AIM OF THE TASK:
Every line of the data should be written out exactly, with the pictures left out.
* * *
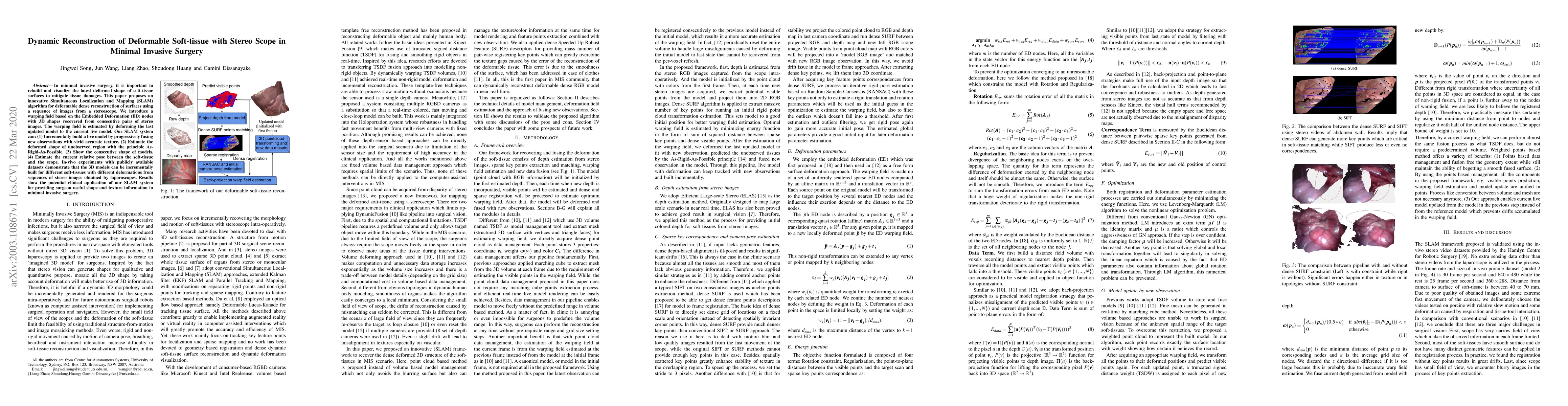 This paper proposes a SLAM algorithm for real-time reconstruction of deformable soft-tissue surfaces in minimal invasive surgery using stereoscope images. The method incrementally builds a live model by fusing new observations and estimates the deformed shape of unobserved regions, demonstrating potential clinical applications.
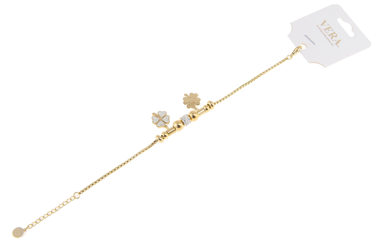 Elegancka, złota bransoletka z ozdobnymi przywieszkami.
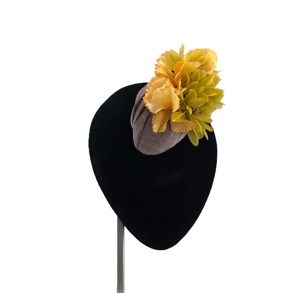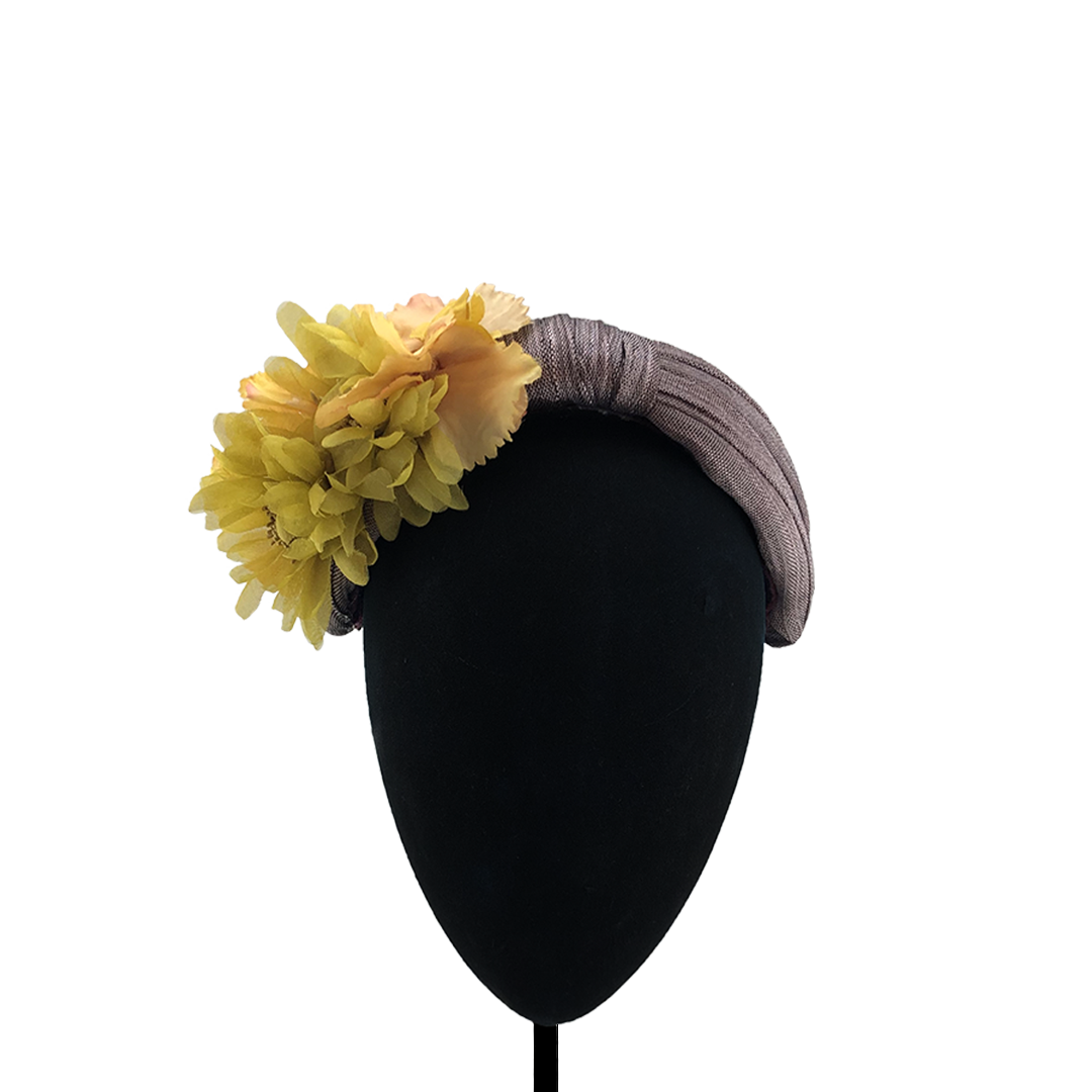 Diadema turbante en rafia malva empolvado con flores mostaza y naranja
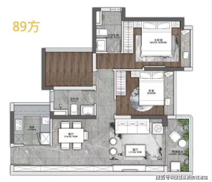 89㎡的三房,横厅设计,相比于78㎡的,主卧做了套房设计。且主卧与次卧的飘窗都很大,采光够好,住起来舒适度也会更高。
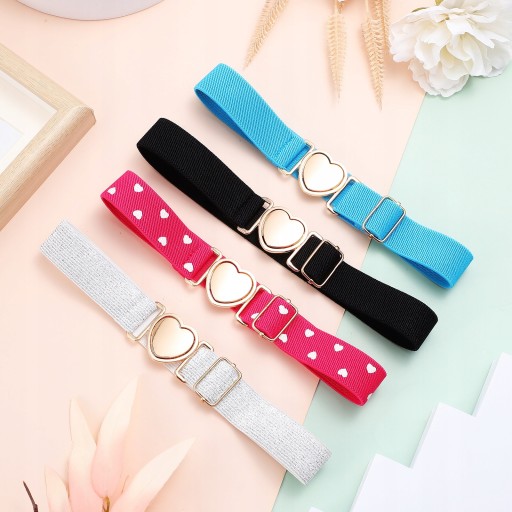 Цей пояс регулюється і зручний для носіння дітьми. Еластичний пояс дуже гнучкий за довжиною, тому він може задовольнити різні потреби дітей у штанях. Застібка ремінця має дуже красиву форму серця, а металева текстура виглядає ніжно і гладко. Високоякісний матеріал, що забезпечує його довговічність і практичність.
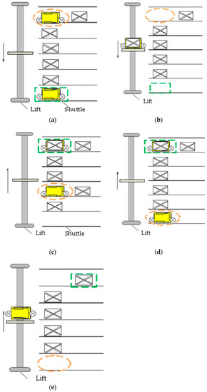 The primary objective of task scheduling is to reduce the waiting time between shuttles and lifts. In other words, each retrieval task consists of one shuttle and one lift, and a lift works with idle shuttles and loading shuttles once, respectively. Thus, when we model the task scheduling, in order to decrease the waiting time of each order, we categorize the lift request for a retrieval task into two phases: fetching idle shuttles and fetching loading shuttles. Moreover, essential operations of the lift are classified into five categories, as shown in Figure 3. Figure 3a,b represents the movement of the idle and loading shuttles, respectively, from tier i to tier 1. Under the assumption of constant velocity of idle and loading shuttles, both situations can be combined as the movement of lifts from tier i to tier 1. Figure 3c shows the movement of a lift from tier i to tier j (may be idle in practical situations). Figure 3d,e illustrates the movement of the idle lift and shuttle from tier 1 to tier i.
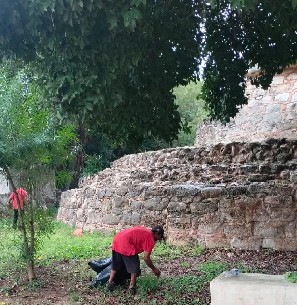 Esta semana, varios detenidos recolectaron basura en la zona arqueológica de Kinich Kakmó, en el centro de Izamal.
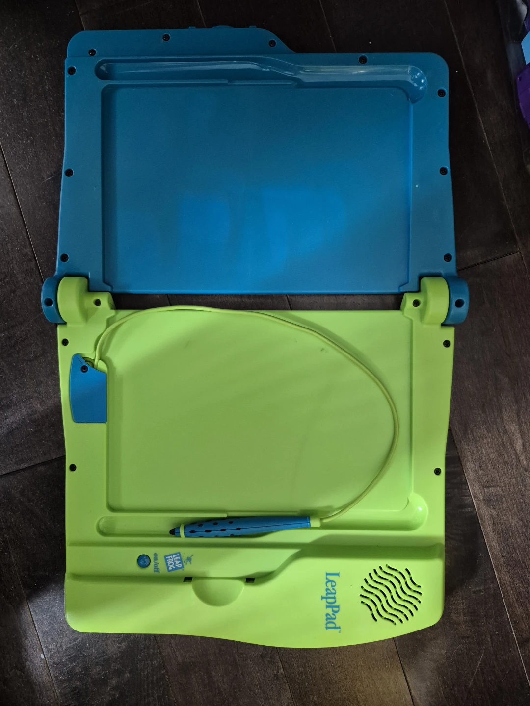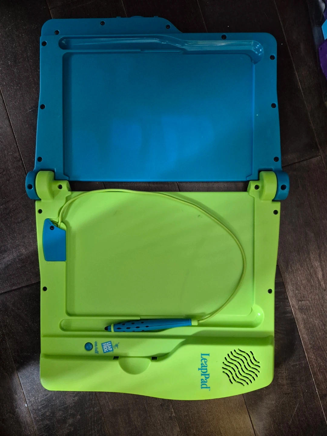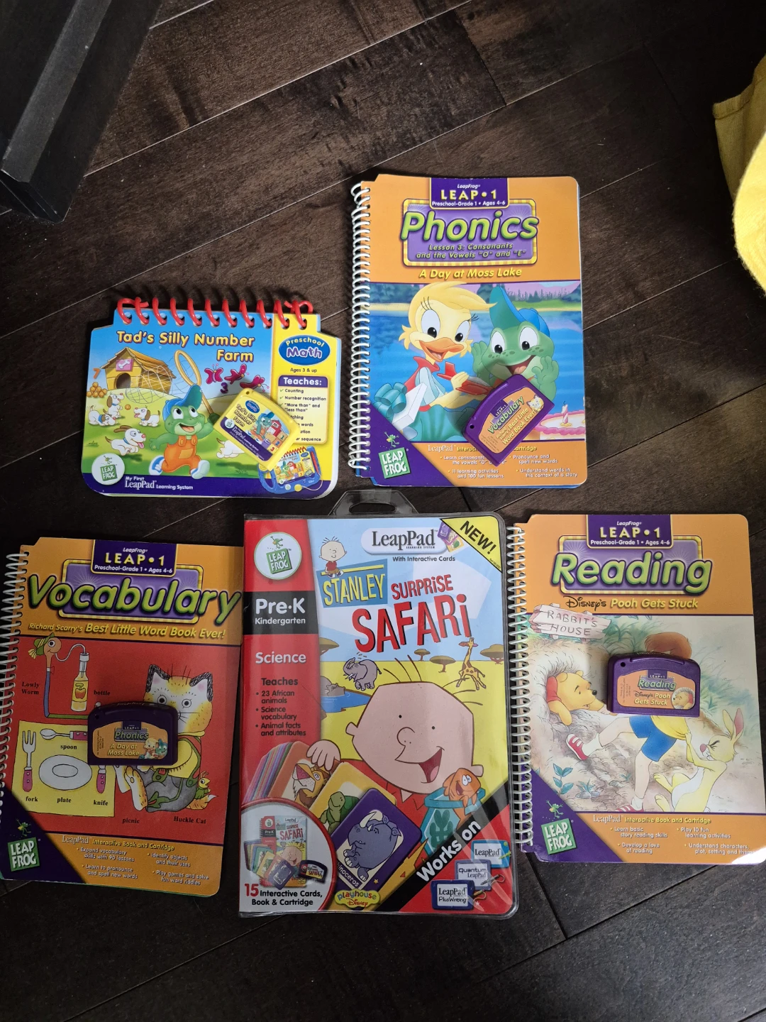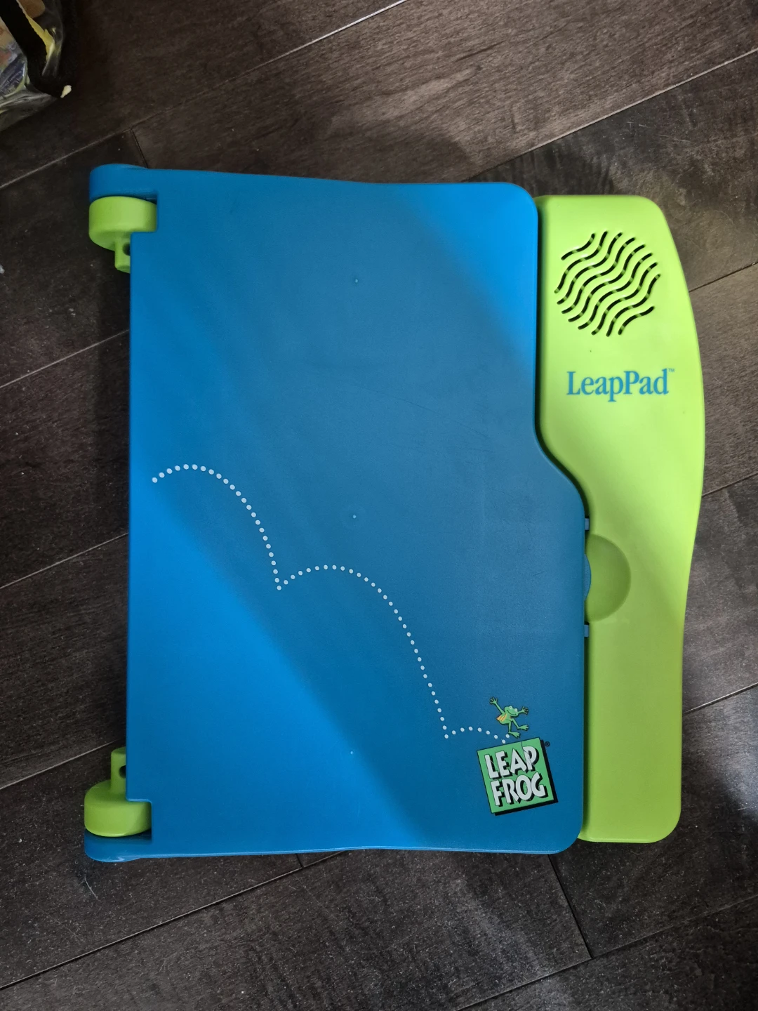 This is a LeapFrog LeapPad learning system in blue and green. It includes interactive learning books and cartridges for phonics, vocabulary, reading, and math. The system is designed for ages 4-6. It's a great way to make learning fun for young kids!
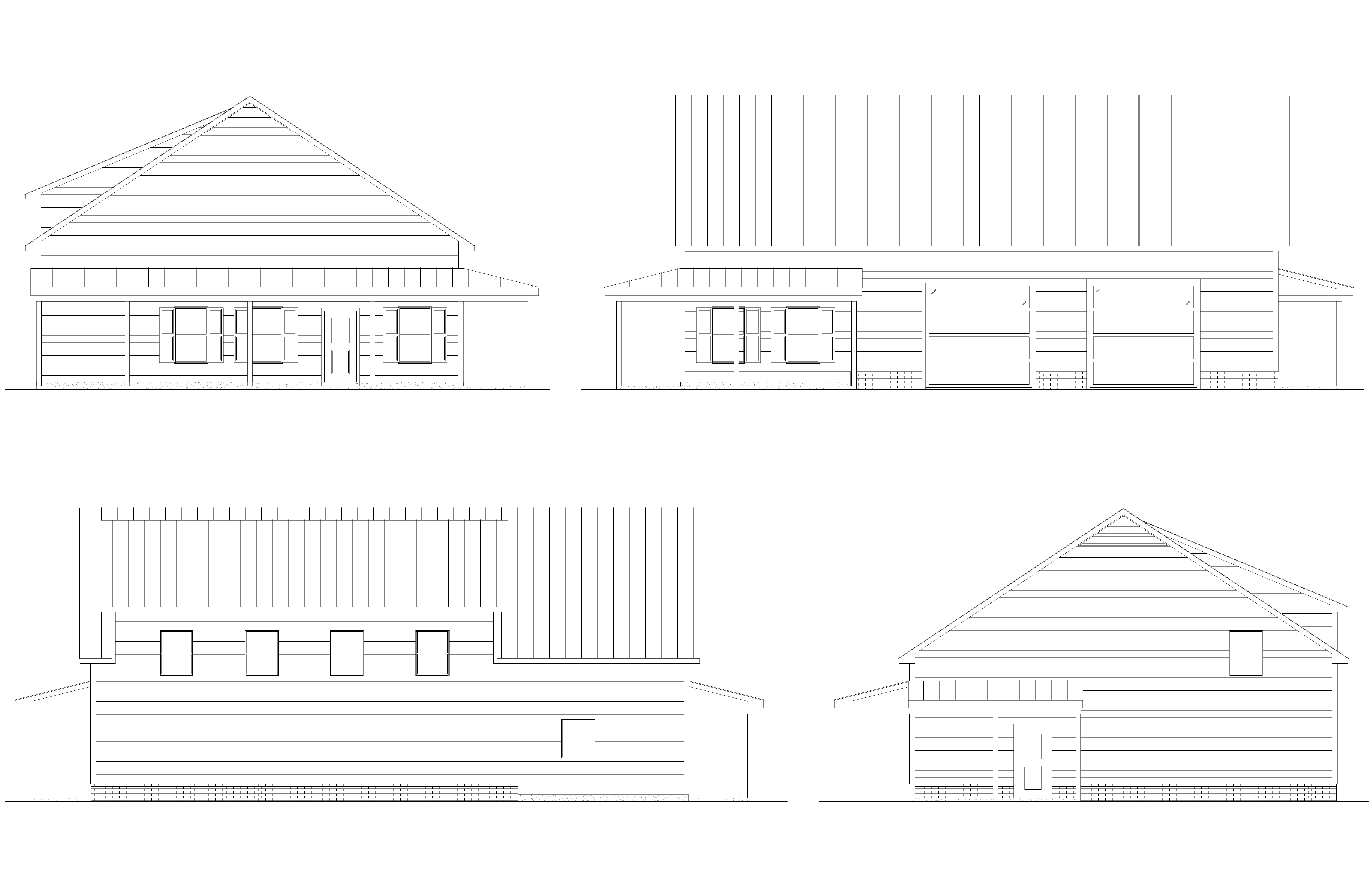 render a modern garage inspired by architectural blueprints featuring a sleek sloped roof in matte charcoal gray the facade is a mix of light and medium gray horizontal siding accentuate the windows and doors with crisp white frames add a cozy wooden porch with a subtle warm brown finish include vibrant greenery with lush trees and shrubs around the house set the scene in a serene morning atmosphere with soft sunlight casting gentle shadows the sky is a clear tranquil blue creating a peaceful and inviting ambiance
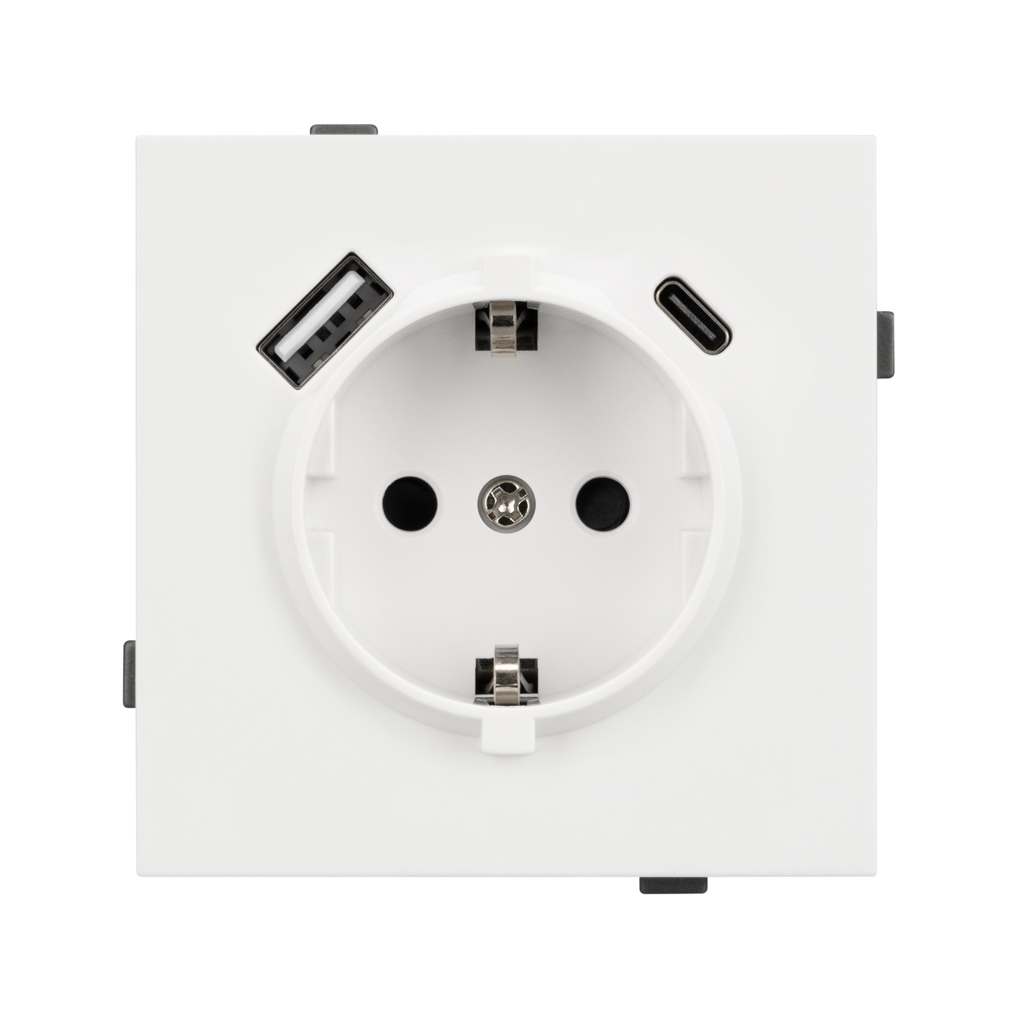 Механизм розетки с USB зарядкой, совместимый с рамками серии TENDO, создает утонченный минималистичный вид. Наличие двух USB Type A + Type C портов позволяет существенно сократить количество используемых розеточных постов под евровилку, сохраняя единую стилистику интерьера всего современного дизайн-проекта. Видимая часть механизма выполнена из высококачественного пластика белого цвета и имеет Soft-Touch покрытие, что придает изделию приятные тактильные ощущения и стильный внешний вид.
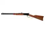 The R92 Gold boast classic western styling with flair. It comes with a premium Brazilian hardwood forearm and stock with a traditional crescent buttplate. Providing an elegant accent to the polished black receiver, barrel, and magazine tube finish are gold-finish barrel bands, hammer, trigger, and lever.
* * *
RESPONSE AREA:
 This paper proposes a SLAM algorithm for real-time reconstruction of deformable soft-tissue surfaces in minimal invasive surgery using stereoscope images. The method incrementally builds a live model by fusing new observations and estimates the deformed shape of unobserved regions, demonstrating potential clinical applications.
 Elegancka, złota bransoletka z ozdobnymi przywieszkami.
 Diadema turbante en rafia malva empolvado con flores mostaza y naranja
 89㎡的三房,横厅设计,相比于78㎡的,主卧做了套房设计。且主卧与次卧的飘窗都很大,采光够好,住起来舒适度也会更高。
 Цей пояс регулюється і зручний для носіння дітьми. Еластичний пояс дуже гнучкий за довжиною, тому він може задовольнити різні потреби дітей у штанях. Застібка ремінця має дуже красиву форму серця, а металева текстура виглядає ніжно і гладко. Високоякісний матеріал, що забезпечує його довговічність і практичність.
 The primary objective of task scheduling is to reduce the waiting time between shuttles and lifts. In other words, each retrieval task consists of one shuttle and one lift, and a lift works with idle shuttles and loading shuttles once, respectively. Thus, when we model the task scheduling, in order to decrease the waiting time of each order, we categorize the lift request for a retrieval task into two phases: fetching idle shuttles and fetching loading shuttles. Moreover, essential operations of the lift are classified into five categories, as shown in Figure 3. Figure 3a,b represents the movement of the idle and loading shuttles, respectively, from tier i to tier 1. Under the assumption of constant velocity of idle and loading shuttles, both situations can be combined as the movement of lifts from tier i to tier 1. Figure 3c shows the movement of a lift from tier i to tier j (may be idle in practical situations). Figure 3d,e illustrates the movement of the idle lift and shuttle from tier 1 to tier i.
 Esta semana, varios detenidos recolectaron basura en la zona arqueológica de Kinich Kakmó, en el centro de Izamal.
 This is a LeapFrog LeapPad learning system in blue and green. It includes interactive learning books and cartridges for phonics, vocabulary, reading, and math. The system is designed for ages 4-6. It's a great way to make learning fun for young kids!
 render a modern garage inspired by architectural blueprints featuring a sleek sloped roof in matte charcoal gray the facade is a mix of light and medium gray horizontal siding accentuate the windows and doors with crisp white frames add a cozy wooden porch with a subtle warm brown finish include vibrant greenery with lush trees and shrubs around the house set the scene in a serene morning atmosphere with soft sunlight casting gentle shadows the sky is a clear tranquil blue creating a peaceful and inviting ambiance
 Механизм розетки с USB зарядкой, совместимый с рамками серии TENDO, создает утонченный минималистичный вид. Наличие двух USB Type A + Type C портов позволяет существенно сократить количество используемых розеточных постов под евровилку, сохраняя единую стилистику интерьера всего современного дизайн-проекта. Видимая часть механизма выполнена из высококачественного пластика белого цвета и имеет Soft-Touch покрытие, что придает изделию приятные тактильные ощущения и стильный внешний вид.
 The R92 Gold boast classic western styling with flair. It comes with a premium Brazilian hardwood forearm and stock with a traditional crescent buttplate. Providing an elegant accent to the polished black receiver, barrel, and magazine tube finish are gold-finish barrel bands, hammer, trigger, and lever.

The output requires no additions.